NEW YORK (GenomeWeb) – A UK-led research team has tracked down four previously unidentified loci with ties to testicular cancer, adding to what is known about genetic risk of the disease.
As they reported in Nature Communications, the researchers, led by the Institute of Cancer Research, focused on testicular germ cell tumor, carrying out a multi-stage genome-wide association study that included more than 6,000 individuals with the disease and nearly 19,100 unaffected controls. Their results pointed to four risk sites not found in the past, falling on chromosomes 3, 11, and 16.
The team's follow-up work suggests that testing at the four new loci — together with the 21 testicular cancer risk loci identified in the past — could eventually help find men at highest risk of testicular germ cell tumor.
"Applying these 25 variants, we found that men in the top one percent for testicular cancer risk were at a more than tenfold elevated risk of developing the disease compared with the average — although that still adds up to only around a five percent (one in twenty) chance of developing testicular cancer," senior author Clare Turnbull, a genetics and epidemiology researcher at the Institute of Cancer Research in London, said in a statement.
Testicular germ cell tumors typically respond well to standard platinum-based chemotherapy, somewhat diminishing the urgency in finding targetable testicular cancer mutations.
But because the disease appears to be on the rise in some Western countries, Turnbull and colleagues reasoned that there might be a benefit to using GWAS to delve into disease biology and search for variants common to those most susceptible to the disease.
"[I]f we can identify more of the genetic variation underlying testicular cancer, this sort of testing might be used clinically to help identify those at most risk of testicular cancer before they develop the disease, such that we can offer measures to help stop them from developing testicular cancer," Turnbull said.

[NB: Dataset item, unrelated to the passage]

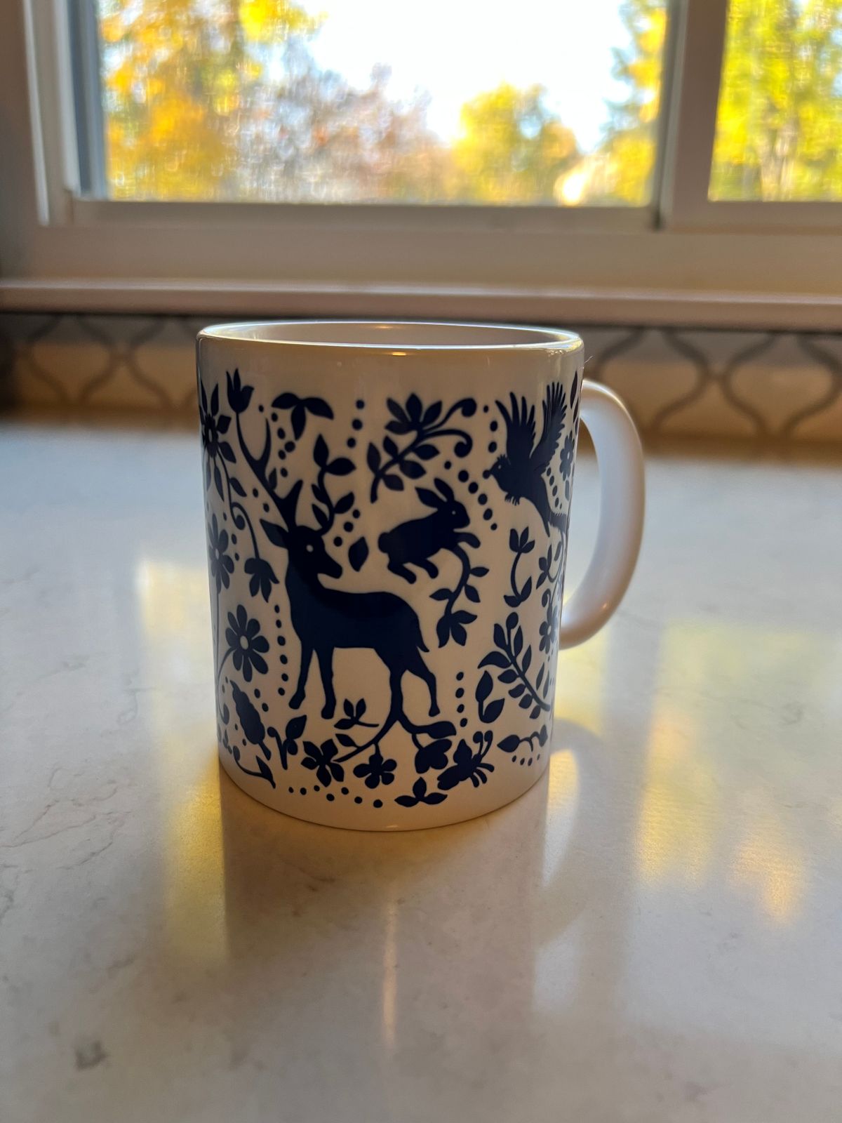 For this delightful ceramic mug, Alejandra Aceves depicts the motifs of the Otomi tenango — textiles covered with hand-embroidery on animal and plant designs drawn freehand on the fabric. Even cave art in the sierra of Mexico's Hidalgo state can come to life on these tenangos. The skilled artisans use a closed herringbone stitch now known as the Otomi stitch that shows only the outline of the patterns on the reverse side.

For the first stage of the study, the researchers used Illumina HumanCNV370 Duo bead or Infinium 1.2M arrays to directly assess more than 300,000 SNPs in 986 cases and 4,946 controls, along with millions of additional imputed SNPs.
They followed up on that discovery-stage analysis by comparing SNP profiles in another 1,064 individuals with testicular germ cell tumor and 10,082 unaffected individuals who had been assessed with a custom Illumina Infinium iCOGS array, as well as a meta-analysis of the discovery and follow-up cohorts.
By scrutinizing tens of thousands of SNPs that had been tested in both groups, the team narrowed in on suspicious SNPs at a dozen loci, 10 of which were successfully genotyped in 4,009 more cases and 4,066 controls in the replication analysis.
Combined with a meta-analysis of individuals from all three stages of the study, the researchers used these data to verify testicular cancer associations at four loci.
In particular, their results suggest that those with testicular germ cell tumor tend to have particular variants in and around the chromosome 3 gene TFDP2 and the GAB2 gene on chromosome 11, along with independent chromosome 16 sites near the GSPT1 and ZFPM1 genes.
The testicular cancer-associated SNP at one of the chromosome 16 sites appeared to influence GSPT1 expression, the researchers reported. Their other analyses uncovered conservation for variants at two of the new risk loci.
Based on the new and known testicular cancer risk SNPs, the team estimated that the risk of testicular cancer comes in at just over 5 percent for men who scored in the top 1 percent of the polygenetic risk.